Song Meaning
The narrator is caught in a moment of profound detachment, ready to abandon everything for the open road. The lyrics paint a picture of someone surveying a world full of attractive possibilities – "pretty faces," "pretty places," "pretty girls," and "pretty things" – yet finding none compelling enough to stay. This isn't a celebration of wanderlust, but a stark declaration of an overwhelming urge to escape, to simply "slip away."
This intense desire for departure is fixated on a singular mode of transport: the train. The repetition of "on a train" acts like a mantra, a rhythmic insistence that grounds the narrator's abstract yearning in a concrete image. It suggests a desire for motion, for a journey that is inherently about leaving things behind rather than arriving somewhere specific. The train becomes the ultimate symbol of this detachment, a vehicle that facilitates the act of disengagement.
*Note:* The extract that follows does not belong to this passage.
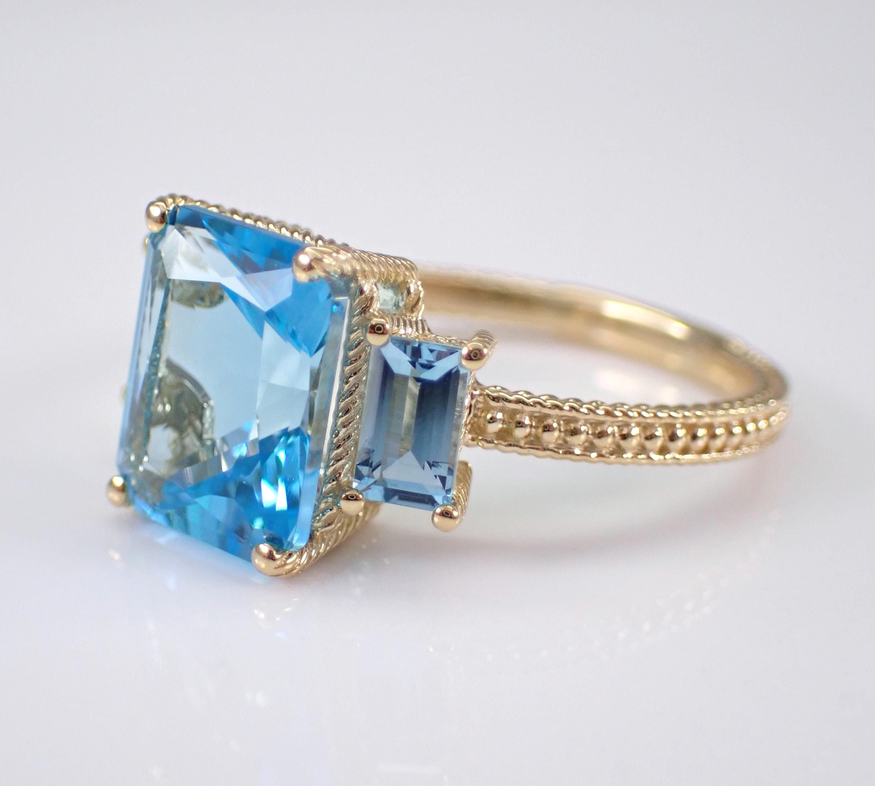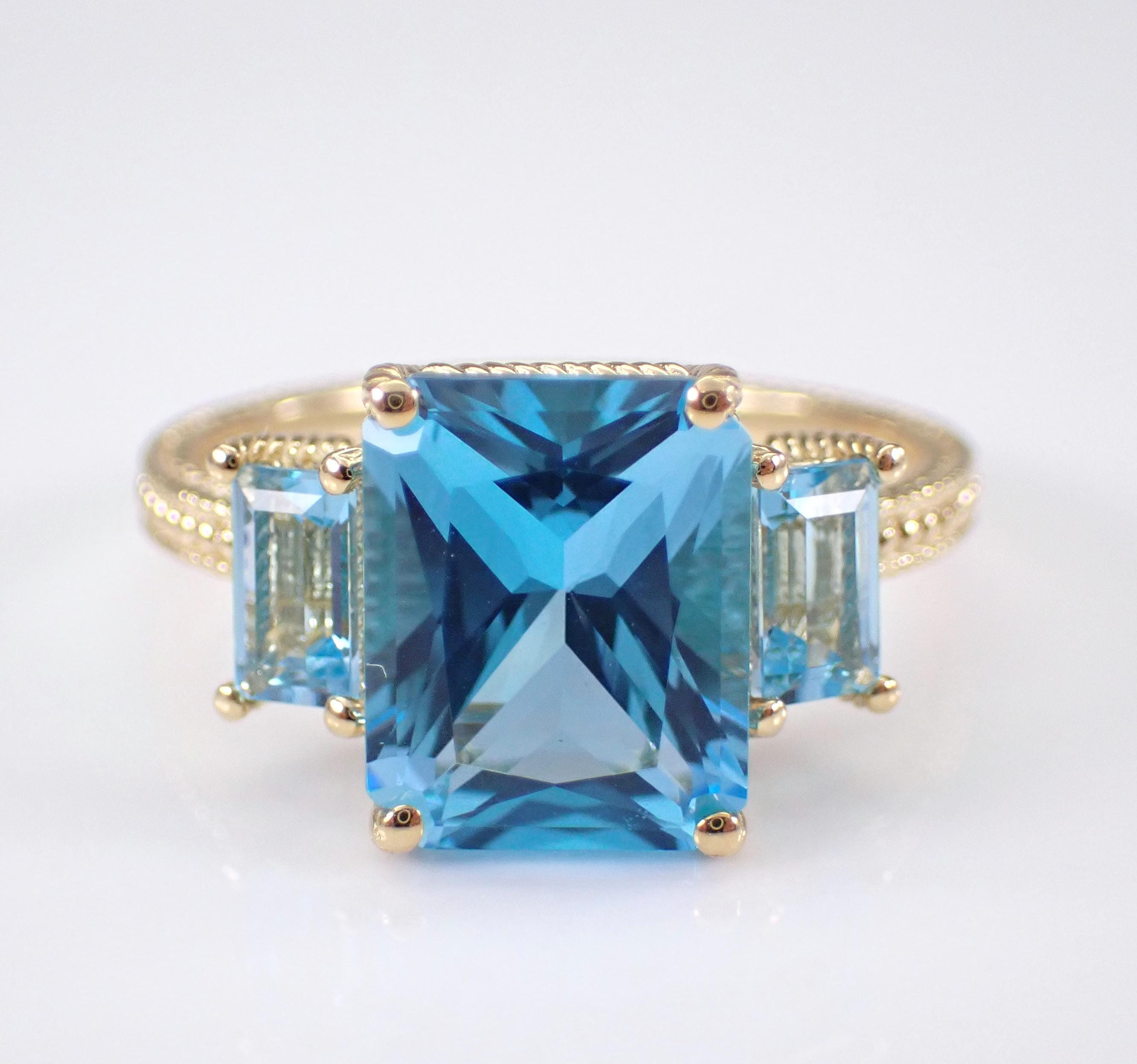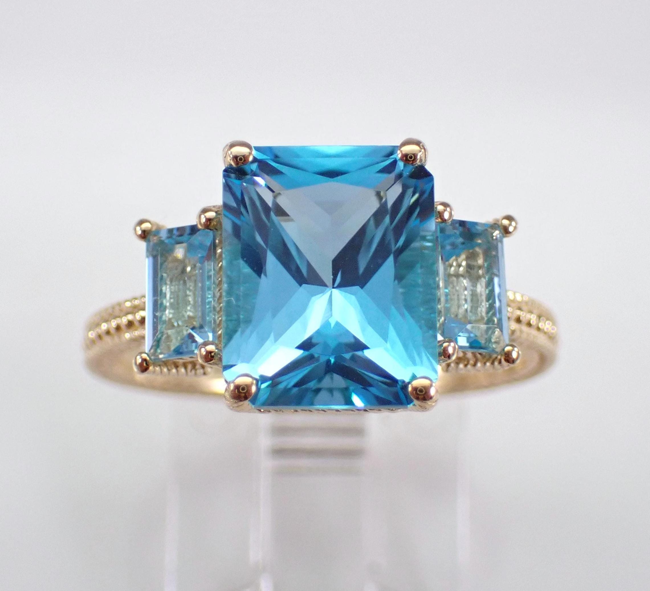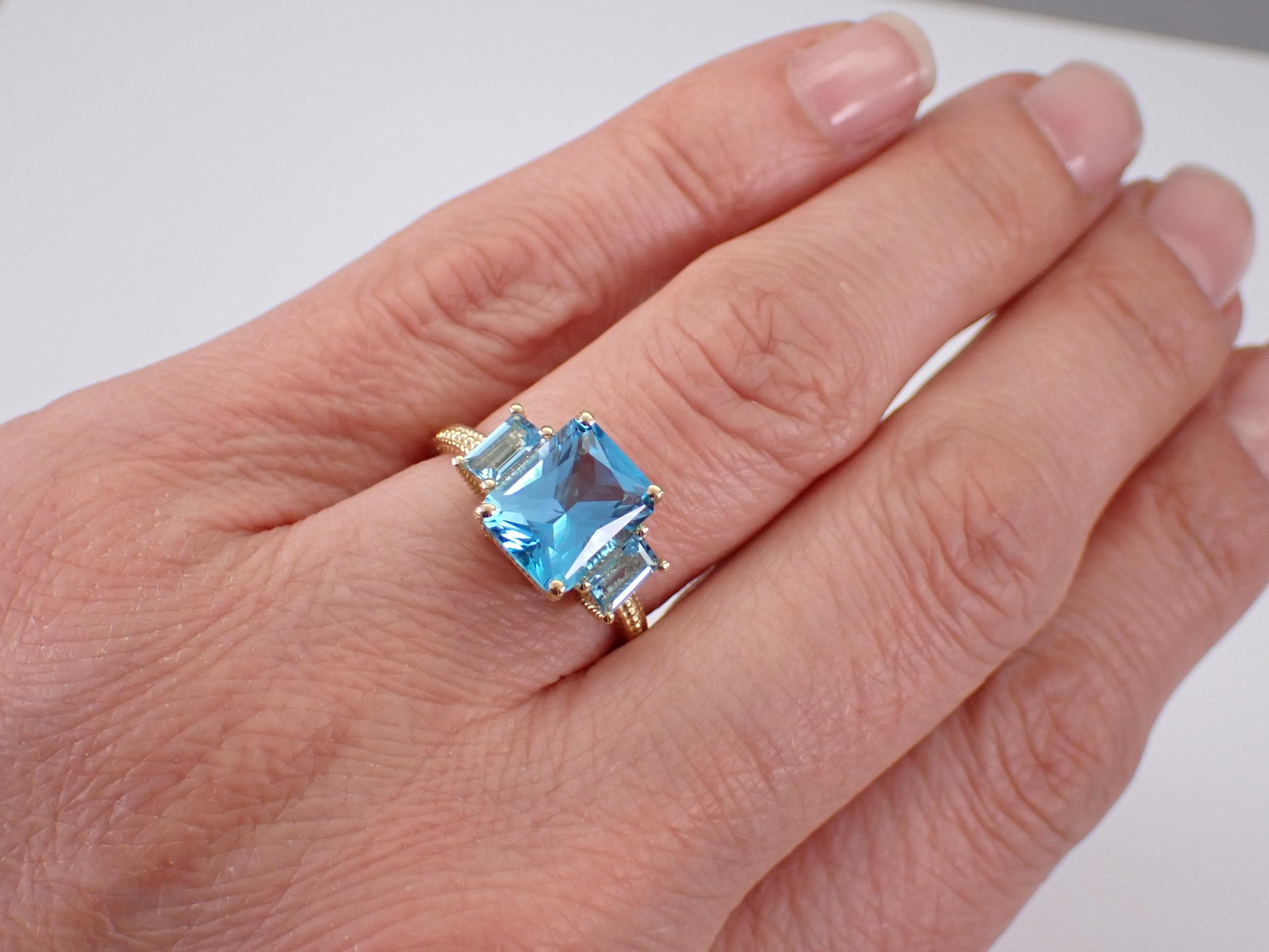 14K Yellow Gold Blue Topaz Three Stone Engagement Ring. This ring is set with one natural Radiant Cut Blue Topaz in the center and two Emerald Cut Blue Topaz on the sides. The center Blue Topaz measures 10 X 8 mm, the side Blue Topaz measure 5 X 3 mm each and all the gemstone combine to a total weight of 4 1/2 carats. This ring is 14KT Yellow Gold, weighs 3.6 grams and is a finger size 7, which can be resized (please inquire about sizing with the finger size you need). This ring will be accompanied by an appraisal by a GIA Certified Diamond Grader with the retail replacement value of $1,485.00. I will ship this ring promptly in a gift box.

The craft here hinges on a consistent, almost hypnotic, structure of negation and affirmation. Each verse begins by listing desirable things only to dismiss them, culminating in the resolute choice of the train. The phrase "There isn't one I wouldn't leave behind" is particularly striking, flipping a double negative to emphasize the totality of the narrator's willingness to depart. This deliberate phrasing underscores the depth of their resolve to be anywhere but where they are.
Ultimately, the lyrics resonate because they capture a universal feeling of wanting to escape the complexities and obligations of life, even when those complexities are presented as attractive. The train offers a fantasy of simple, unburdened movement, a way to erase the present and embrace an unknown future. It’s the ultimate act of stepping out of frame, leaving the "pretty" world behind for the pure, unadulterated act of going.